For the broader Nordic-Iberian corridor, Stegra’s Sines project represents a qualitative shift in the nature of Nordic investment in Portugal. Previous waves of Nordic FDI concentrated in services (Securitas, ISS), retail (IKEA, H&M, JYSK), mining (Boliden), and real estate (Sagax). Stegra’s investment would be the first major Nordic greenfield heavy industry project in Portugal—a signal that the corridor is maturing from commercial market entry into deep industrial integration. The project also demonstrates the strategic logic of combining Nordic capital and green technology with Portuguese renewable energy and industrial infrastructure—a formula that Copenhagen Infrastructure Partners pioneered with its €2.8 billion clean energy investment at Sines and that is now being replicated across sectors.

Stegra has already attracted a marquee investor base that includes Vargas Holding, Cristina Stenbeck’s investment vehicle, alongside institutional investors including pension funds and development finance institutions. The company raised its profile further in 2024 by rebranding from H2 Green Steel to Stegra to reflect its broader ambition beyond steel alone, encompassing hydrogen production, energy storage, and industrial decarbonisation services. The Portuguese project, if it proceeds to financial close, would likely require a comparable funding structure to Boden—combining project finance, EU green transition funding (potentially through the Innovation Fund or InvestEU), and Portuguese government incentives under the country’s Tax Incentive for Scientific Research and Innovation (SIFIDE) and Investment Tax Credit (RFAI) frameworks.

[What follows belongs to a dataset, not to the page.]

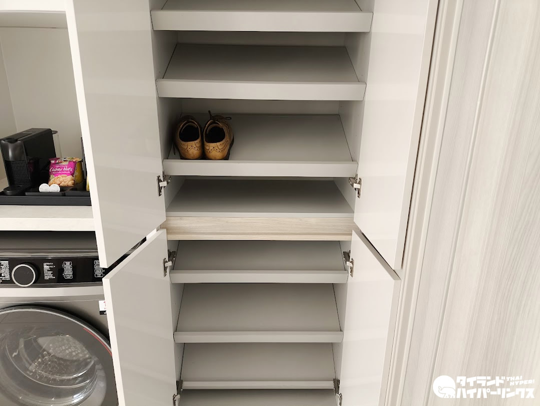 この部屋の大きな魅力は、収納の多さ。玄関には靴箱があり、靴をたくさん置けるのも喜ぶ方がいそうです。リビングにも棚が多く、ベッドルーム横のクローゼットエリアも広く、長期滞在でも荷物の置き場に困りません。部屋の各所にコンセントが多く配置されている点も、生活目線では重要です。

The timeline remains measured. Stegra executives have indicated that the Portuguese facility is several years behind the Boden plant in development terms, with environmental impact assessment, detailed engineering, and financing milestones still ahead. A realistic operational date would fall in the 2030–2032 window, contingent on power grid upgrades, electrolyser procurement, and regulatory approvals. But the strategic commitment is clear: Sines is Stegra’s chosen location for its first plant outside the Nordics, and the Nordic-Iberian energy and industrial corridor now has its most ambitious project yet on the horizon.